Advice dating guy triangle

At the top are two letter, P on the left had side, R on the right.At the bottom, the tip of the triangle is the letter V.What he missed in growing up were opportunities to develop the self confidence that comes from learning to manage problems on your own.Now, as an adult, he easily gets overwhelmed, feels unconfident, anxious.They psychologically cut a deal: The rescuer says that I will agree to be big, strong, good and nice; the victim says I will agree to be overwhelmed and unable to manage. While everyone gets to move among all the roles, often one will fit more comfortably in one role more than another.

The P, R, and V represent different roles that the people can play; it is not the people themselves, but a role.

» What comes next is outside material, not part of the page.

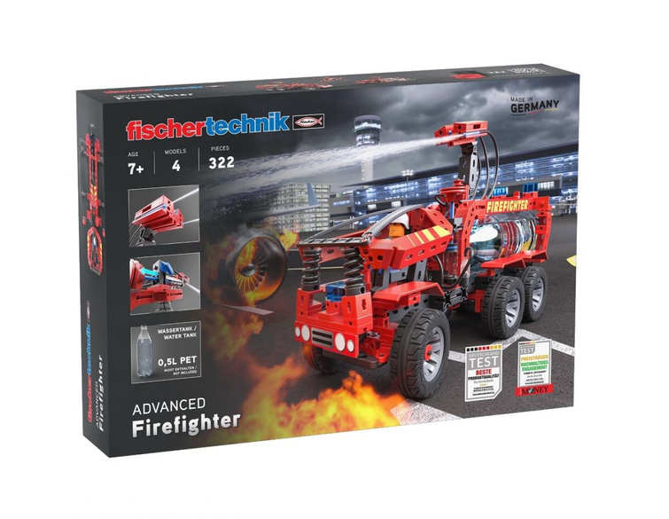 W zestawie znajduje się adapter do podłączenia standardowej butelki PET (0,5l), która wbudowana w model służy jako zbiornik na wodę. W ten sposób dzieci mogą poznać, że przedmioty codziennego użytku mają wiele różnych zastosowań i uświadomić sobie znaczenie zrównoważonego rozwoju. Ciśnienie w wypełnionej wodą plastikowej butelce podnosi się za pomocą pompki, dzięki czemu po otwarciu zaworu z dołączonego węża strażackiego efektownie tryska woda. Dzięki dołączonemu ludzikowi fischertechnik dzieci mogą identyfikować się ze strażakiem i przeżywać wiele ekscytujących przygód wyruszając na ekscytujące misje, gasząc pożary i ratując ludzi.

Then they both stabilize and go back to their original positions.

He develops good radar and can pick up the nuances of emotions.

He is hyperalert, spends all his energy surveying the environment, stays on his toes, ever ready to do what the parents want.

The person in that role essentially has "nice guy" control. The person in that role feels overwhelmed at times. He suddenly blows up - usually about something minor - laundry, who didn't take out the trash - or acts out - go out a spends a lot of money, goes on a drinking binge, has an affair. He gets tired of being looked down on because the rescuer is basically saying, "If it wasn't for me, you wouldn't make it." Everyone once in a while the victim gets fed up and Bam, moves to the persecutor role.

He feels that problems are falling down on his head. He feels he deserves it, look, after all, he says to himself, at what I've been putting up with. Like the rescuer, the victim in this role blows up and gets angry usually about something small, or acts out. The rescuer hears this and moves to the victim position.